The Ref Stop

Manager bawling out their own player

lawriejones

New Member
Level 7 Referee
Hi! Please can I ask for your advice about a match I was reffing?

A manager is getting increasingly vocal during a match, but only giving criticism to his own (U15 girls) players. What started off as an irritation for the squad becomes more uncomfortable for them, with one being pushed to the verge of tears. At a break in play I asked the manager to calm it down and he did rein it in a bit. My question is, if he had not and a stepped approach had failed to get him back on track, what caution would it be for if it continues to escalate?

What if the manager had been engaging with an opposing player? Is anything different?
 
The Ref Stop
Hi! Please can I ask for your advice about a match I was reffing?

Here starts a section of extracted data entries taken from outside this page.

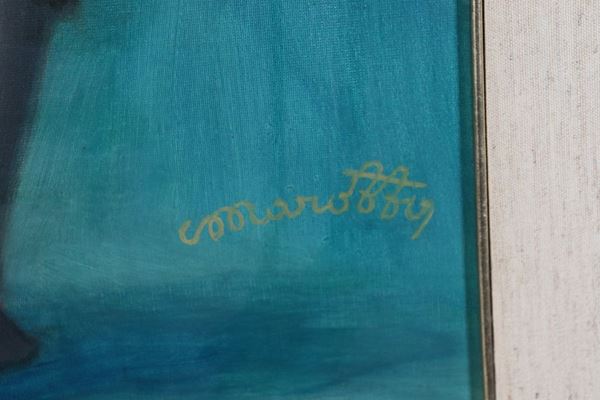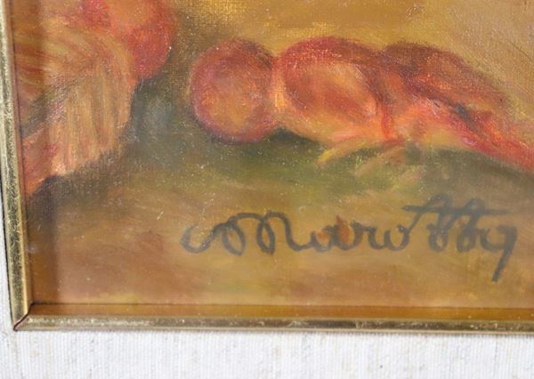 Signed. "Vase with bunch of flowers" and "Still life of fish and crustaceans", lot of two oil paintings on canvas
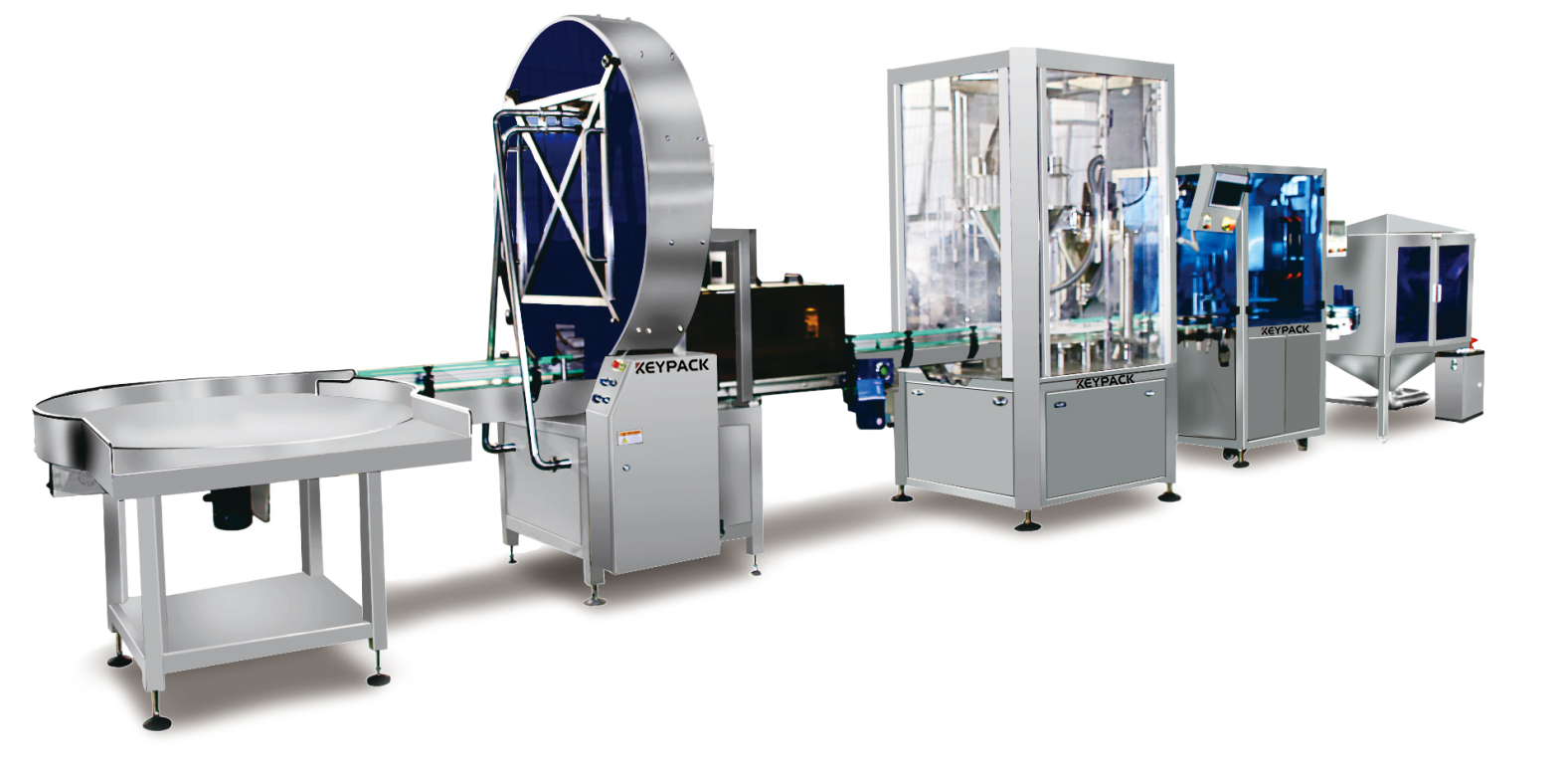 應用于各種粉末、顆粒類產品的自動計量、灌裝、封口、貼標、打碼等自動化生產線,按照常規(guī)聽裝流程配置,整個生產過程自動化程度高。
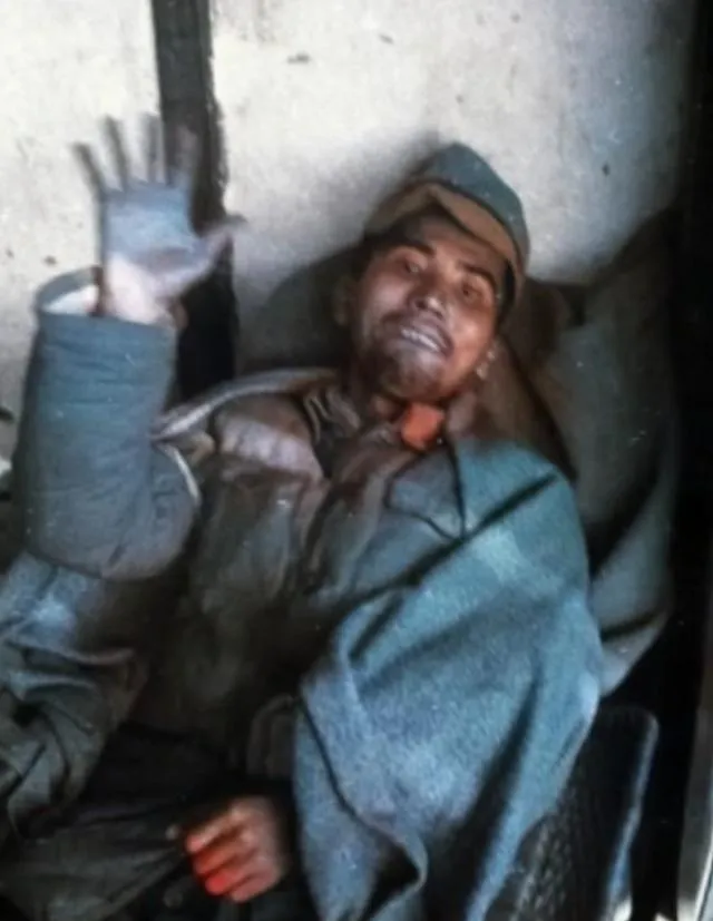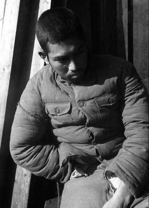 图中寒号衣一样的棉袄叫我军发的旧棉衣,打着补丁,袖肘发亮,他把手缩进怀里,脑袋歪着不看人,装着镇定,其实心里打鼓,爷爷说这种姿势多半在想怎么找机会跑。
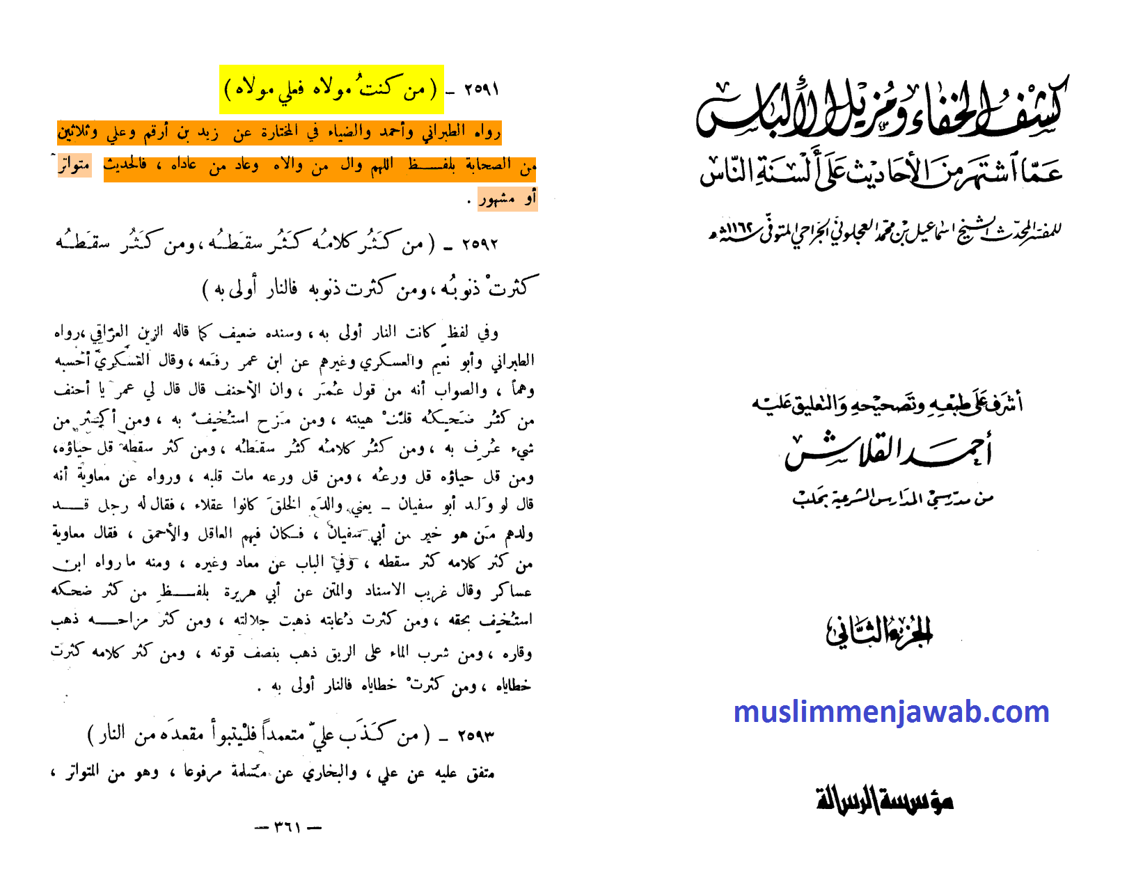 Allamah Ismail bin Muhammad Al-‘Ajaluni Al-Jarohi dalam kitabnya Kasyful Khifa wal Muzilul Albas menuliskan akan kemutawatiran hadis Al-Ghadir.
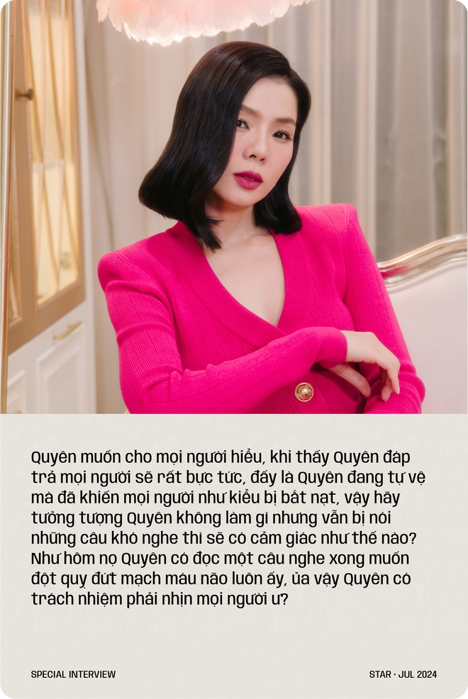 Còn chuyện Quyên giữ chừng mực và dừng lại, gần như không đối đáp nữa là vì thứ nhất mình không có thời gian, thứ hai mình không chấp và thứ ba là vì những người Quyên yêu thương, mình sợ ảnh hưởng đến cảm xúc của họ, chứ Quyên có sợ cái gì đâu. Quyên thừa biết tất cả những người làm tổn thương mình chắc chắn không phải là khán giả của Quyên, họ chả bao biờ bỏ tiền mua vé xem Quyên hát, thì mình cần sợ gì họ, phải không. Quyên chỉ sợ mình đáp trả quá nhiều rồi làm phiền lòng tới những người yêu thương mình thôi.
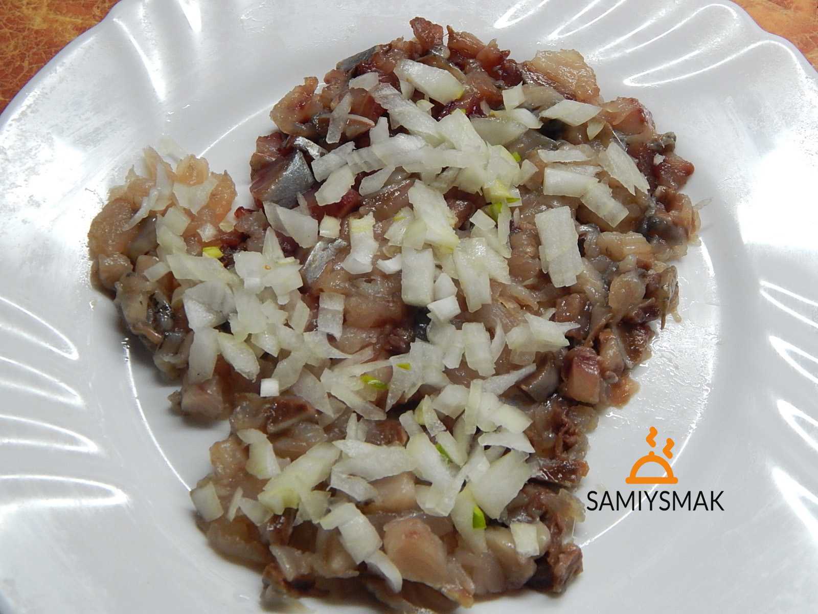 - Филе соленой сельди нарежьте мелкими кубиками. Смешайте с нарезкой зеленого лука. Добавьте ложку оливкового масла.
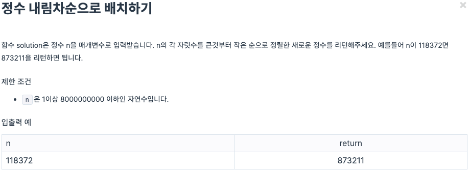 처음 받은 숫자를 배열없이 내림차순으로 변경하는 방법이 있을지는 모르겠지만 지금은 아는게 없으므로
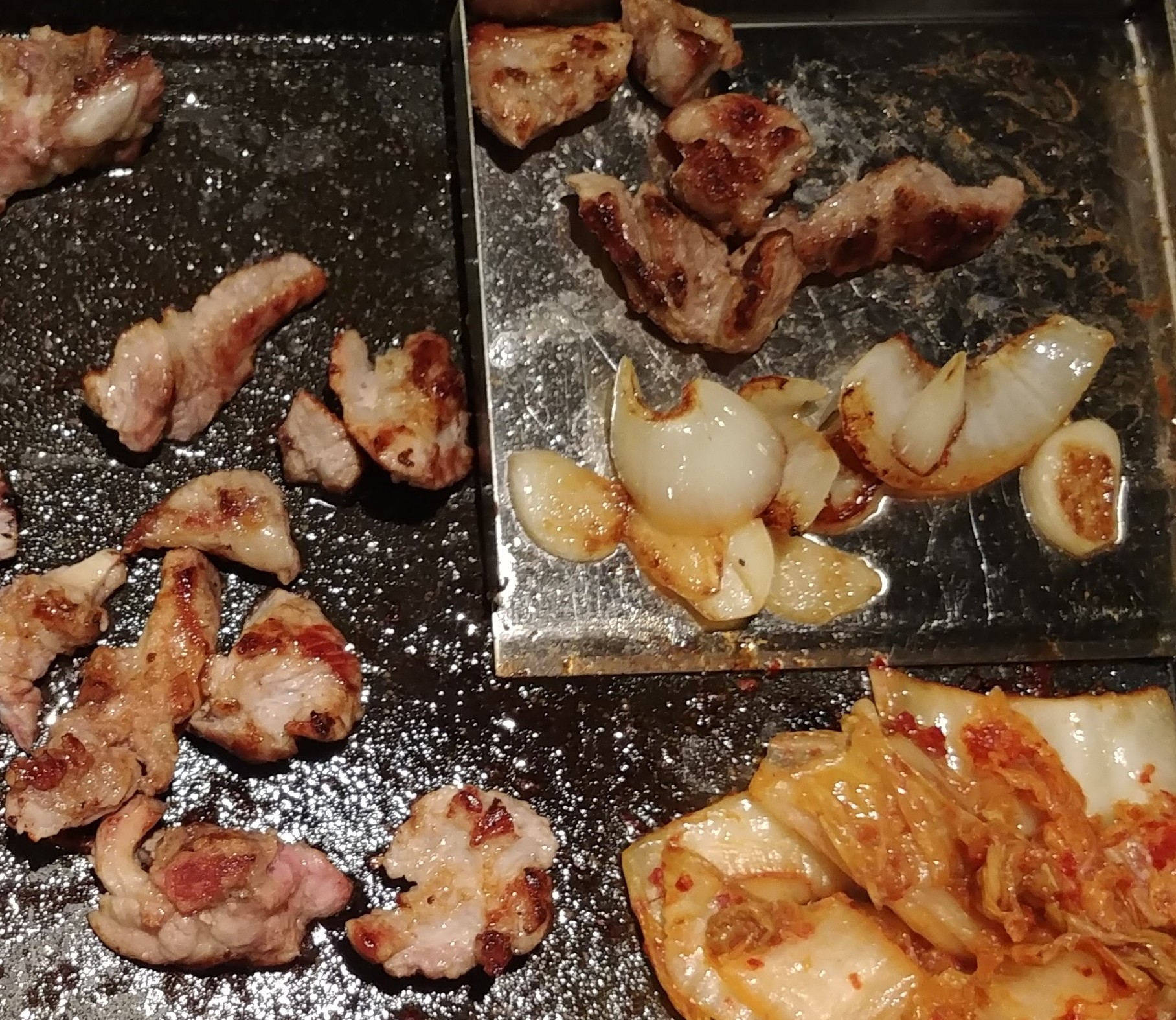 넘 배고픈 시간에 가는 바람에 구워주시는 족족 집어먹다 아차 하며 폰을 꺼냈을 땐 이미 불판은 초토화 되고 갈비 몇 점만 남아 있었네요. 그래도 사진은 필요했기에 이리 부실한 사진을 올리게 된 점 부디 이해 부탁드려요...ㅠㅠ

A manager is getting increasingly vocal during a match, but only giving criticism to his own (U15 girls) players. What started off as an irritation for the squad becomes more uncomfortable for them, with one being pushed to the verge of tears. At a break in play I asked the manager to calm it down and he did rein it in a bit. My question is, if he had not and a stepped approach had failed to get him back on track, what caution would it be for if it continues to escalate?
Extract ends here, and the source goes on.